For the most part, the drugs that are coming onto the market now are not all wonderful therapeutic innovations. I wish they were, but fully two-thirds of them are not significant advances in therapy.

So we see there's consistency across the country now more than ever.

4:50 p.m.

Bloc

Luc Malo Bloc Verchères—Les Patriotes, QC

Thank you, Mr. Nakagawa.

Ms. Sanders, in your presentation, you said something that is very serious in my opinion. It pertains to the following:

While we recognize that there will always be tension between the pharmaceutical industry and CDR, [...]

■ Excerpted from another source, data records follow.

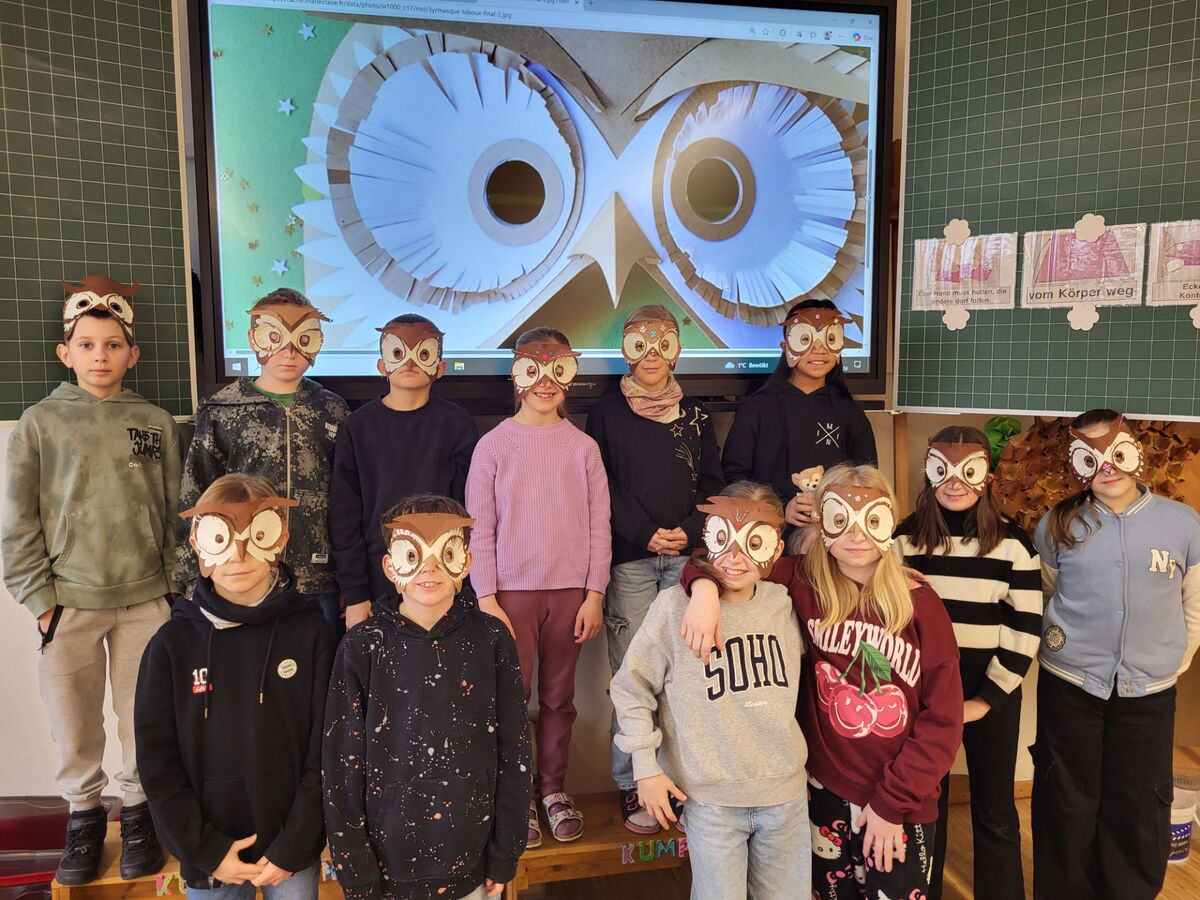Frau Markytan gestaltete mit den Viertklässlern der Klasse 4b wunderschöne Faschingsmasken.
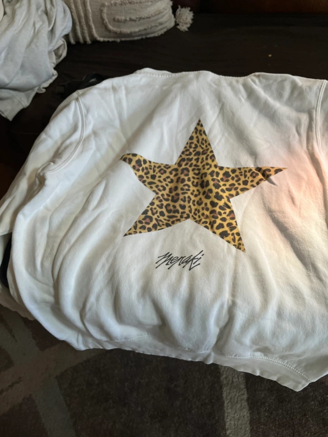 Selling a white Lane Seven hoodie in size large! It features a star print on the back. The material feels soft and comfortable, perfect for everyday wear
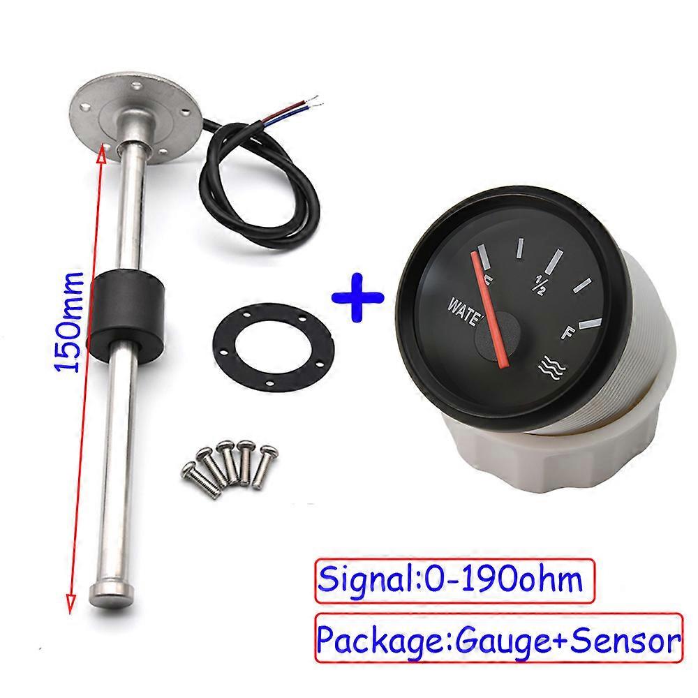 52MM Gauge Water Level Gauge Red Light 0-190 Ohm Water Tank Level Indicator Meter with Fuel Water Level Sensor 150MM 200MM 250MM
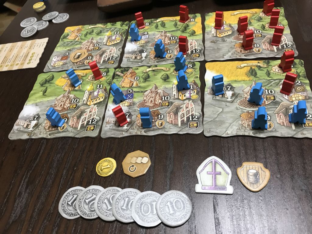 途中、コマを置くことによりすぐにお金が手に入ったり、中間決済を起こしてお金を手に入れたり、終了時に建物の占有率等でお金が手に入ったり。
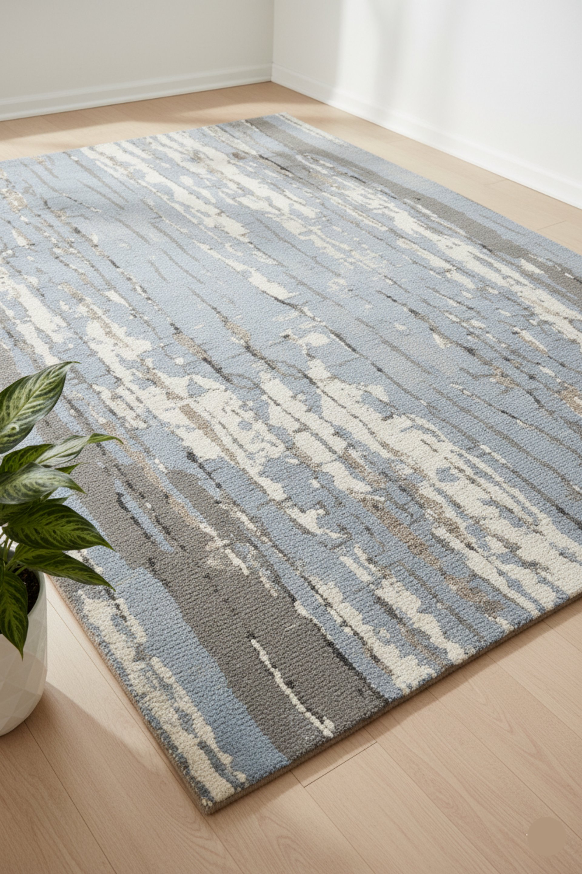 The Canophon rug is a standout among our textured custom rugs, featuring a weathered, organic abstract design that evokes the rugged texture of peeling paint or distressed tree bark. Its cool slate-blue and silver-gray palette is accented by vertical fissures and "eroded" patches of cream and tan, creating a sense of antique industrial depth. Crafted with a high-quality 100-knot construction, it captures intricate flaked details with sharp, photorealistic clarity. This sophisticated, distressed design provides a versatile and tactile foundation that bridges raw natural elements with modern urban interiors.

So that means that there will always be a completely irreconcilable difference between what the industry wants and what the various legislatures or CDR partners want. Your opinion on the matter is very harsh. Could you explain why this is irreconcilable?

4:50 p.m.

President and Chief Executive Officer, Canadian Agency for Drugs and Technologies in Health

Dr. Jill Sanders

I think I used the word “tension”, and the word “tension” is the one I would still apply to the situation. There will always be a tension, because the mandate of private industry is to gather return on investment and profits. Our mandate is to perform scientific, rigorous work based on the data, and the data is often provided by the industry, but not in its entirety.

As I said earlier, the cost-effectiveness work is done following clinical effectiveness. Sometimes the data are insufficient, and sometimes we draw conclusions, as is clear in our recommendations, that are not satisfying to the industry.

4:50 p.m.

Bloc

Luc Malo Bloc Verchères—Les Patriotes, QC

Do you think, as our chair was suggesting—

Mr. Chairman, I'm talking about you.